--- RECORD EXCERPTS Enclosed Below ---
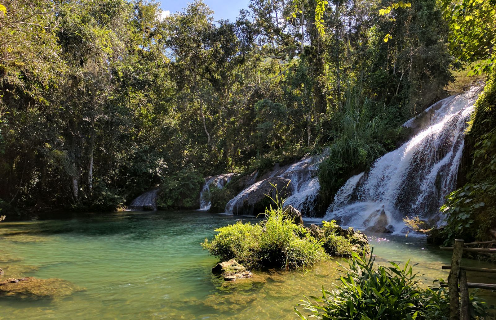 Beim geplanten Mittagshalt am Wasserfall 'El Nicho' durften wir feststellen, dass unser reserviertes Essen an eine andere Gruppe weitergegeben worden war. Somit hiess es Warten bis neu gekocht war... Die Wartezeit nutzten wir um die Wasserfälle zu besichtigen.
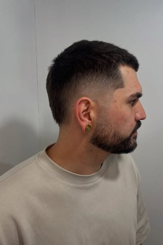 Short hair doesn’t mean boring if the fade is placed right. The tight crop on top keeps everything low effort.
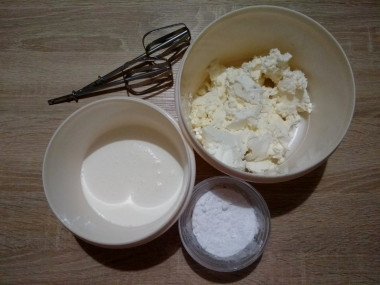 При взбивании сливок главное не переусердствовать и не сделать из них масло. Выложите в сливки сыр.
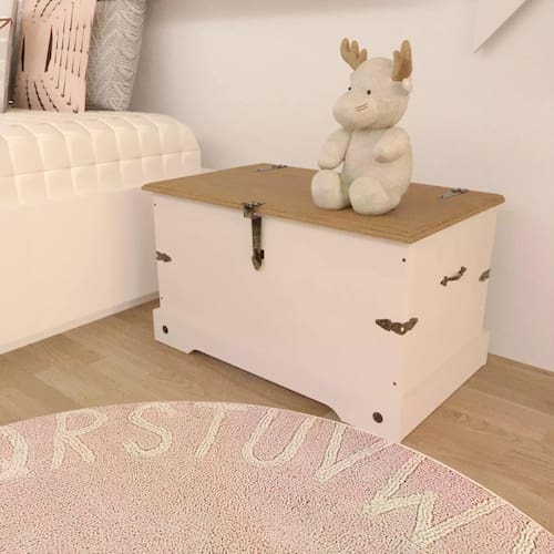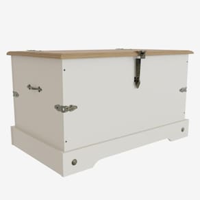 Baú 80x45,5cm Smile Serpil Baby Creme/Carvalho. O Baú Smile torna-se o produto ideal para ter no seu quarto ou na sua sala, e guardar seus objetos com segurança e facilidade. O produto ainda vai auxiliar esteticamente, já que vai deixar seu ambiente ainda mais bonito, em virtude de suas cores e estrutura de MDF com o tampo de madeira maciça e as ferragens padrão ouro envelhecido, que fazem uma excelente combinação, característicos da linha Smile. Ean: 7894047043891
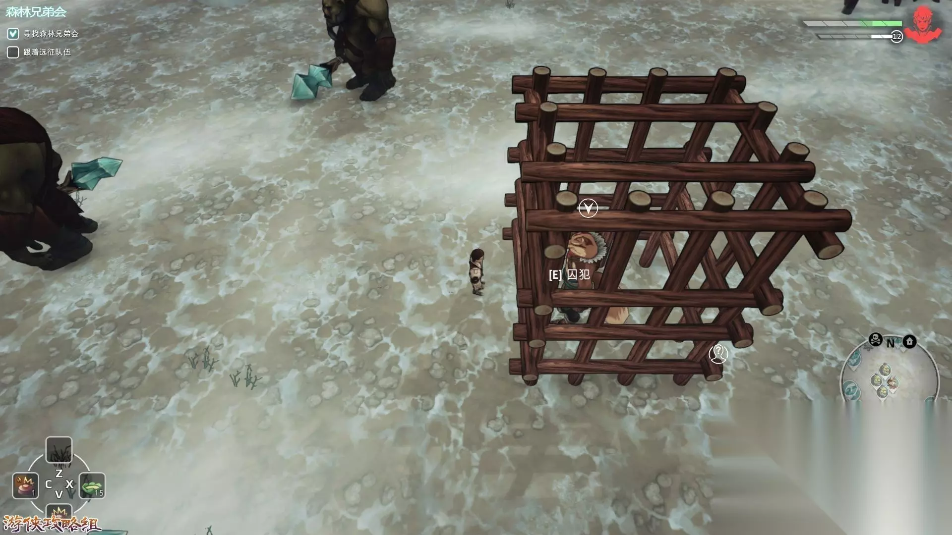 地图二:冬天的牙齿 回到基地进入地图冬天的牙齿,跟随指示找到被囚禁的森林外交官,将其解救出来(tips:选择与食人魔交涉,对话全部选择第一个选项即可)。
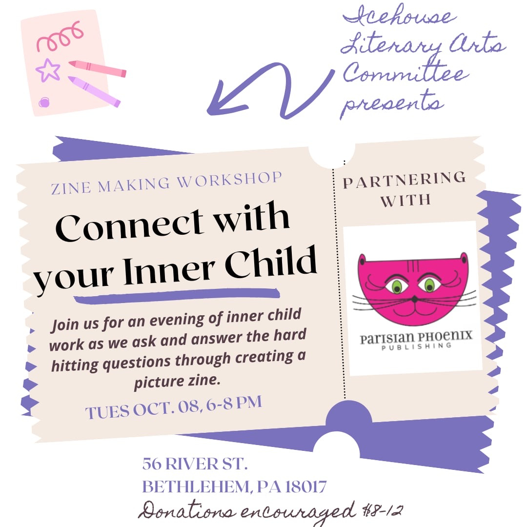 So if you want to try your hand at Zine-making, and give a voice to your inner child, join us tonight at Bethlehem’s Icehouse, 6 to 8 p.m. on Sand Island.
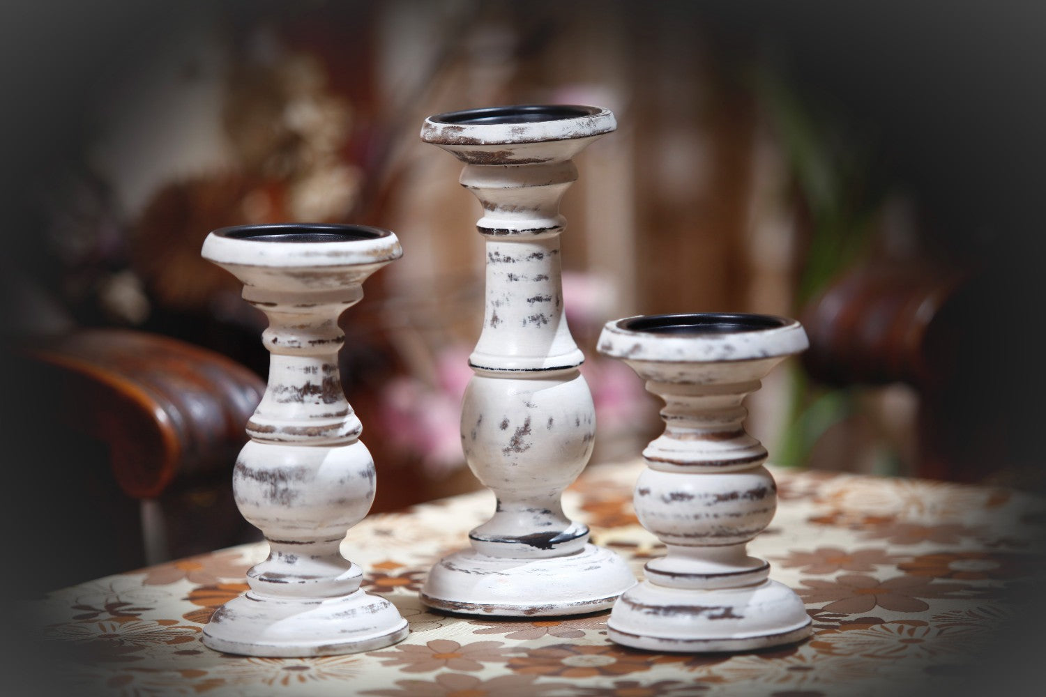 Make an eye-catching decor collection for your interior with the inclusion of this pillar shaped candle holders. This set of 3 candle holders comes in a distressed white finish and features detailed hand-carved details in mango wood. Pair them together or separately as they will have the same impact in enhancing the beauty of your decor.
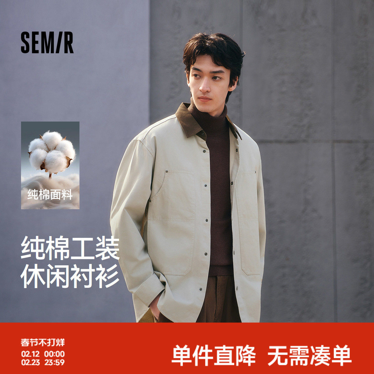 森马长袖衬衫男春季撞色宽松翻领上衣纯棉工装四合扣口袋水洗外套
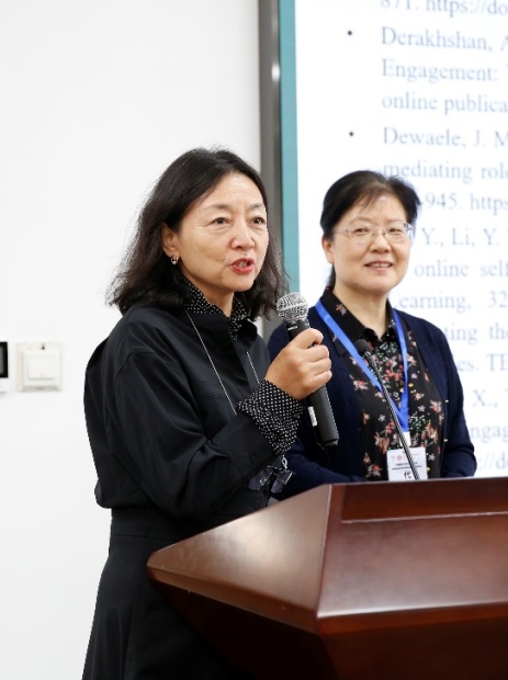 徐锦芬教授在报告“智能课堂下大学生英语自主学习策略、自我效能和学习投入的结构方程建模分析”中通过定量的方法揭示了学生在智能课堂中的自主学习策略、自我效能和学习投入三个变量之间的相互关系,为未来智能课堂环境中英语学习的教学实践和学术研究提供了宝贵的启示和理论支撑。浙大城市学院王慧莉教授主持。
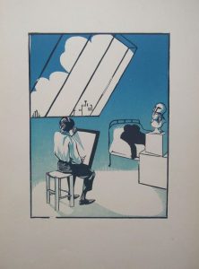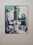 62.HERMANN-PAUL (René Georges Hermann PAUL dit). Conseils Obscurs ou Quarante Ans d’Inexpérience. Paris, Léon Pichon, 1925. In-folio, en feuillets, dans une chemise éditeur demi-toile à coins anthracite, plats et rabats papier kraft (deux rabats déchirés sans manque), étiquette imprimée sur le plat, liens d’attache. 3 ff., 13 planches protégées par une serpente légendée, 2 ff. Recueil complet des 13 estampes gravées sur bois par Hermann-Paul et imprimées en deux tons (différentes couleurs), tiré à 150 exemplaires numérotés et paraphés par l’auteur, tous sur vélin à la forme des papeteries d’Arches, dont celui-ci.
--- End of Enclosed RECORD EXCERPTS ---
DESCRIPTION OF THE TASK: For this answer, return word for word the lines from the first line of the records through the line containing "Baú 80x45,5cm Smile". Omit the pictures.

SOLUTION:
 Beim geplanten Mittagshalt am Wasserfall 'El Nicho' durften wir feststellen, dass unser reserviertes Essen an eine andere Gruppe weitergegeben worden war. Somit hiess es Warten bis neu gekocht war... Die Wartezeit nutzten wir um die Wasserfälle zu besichtigen.
 Short hair doesn’t mean boring if the fade is placed right. The tight crop on top keeps everything low effort.
 При взбивании сливок главное не переусердствовать и не сделать из них масло. Выложите в сливки сыр.
 Baú 80x45,5cm Smile Serpil Baby Creme/Carvalho. O Baú Smile torna-se o produto ideal para ter no seu quarto ou na sua sala, e guardar seus objetos com segurança e facilidade. O produto ainda vai auxiliar esteticamente, já que vai deixar seu ambiente ainda mais bonito, em virtude de suas cores e estrutura de MDF com o tampo de madeira maciça e as ferragens padrão ouro envelhecido, que fazem uma excelente combinação, característicos da linha Smile. Ean: 7894047043891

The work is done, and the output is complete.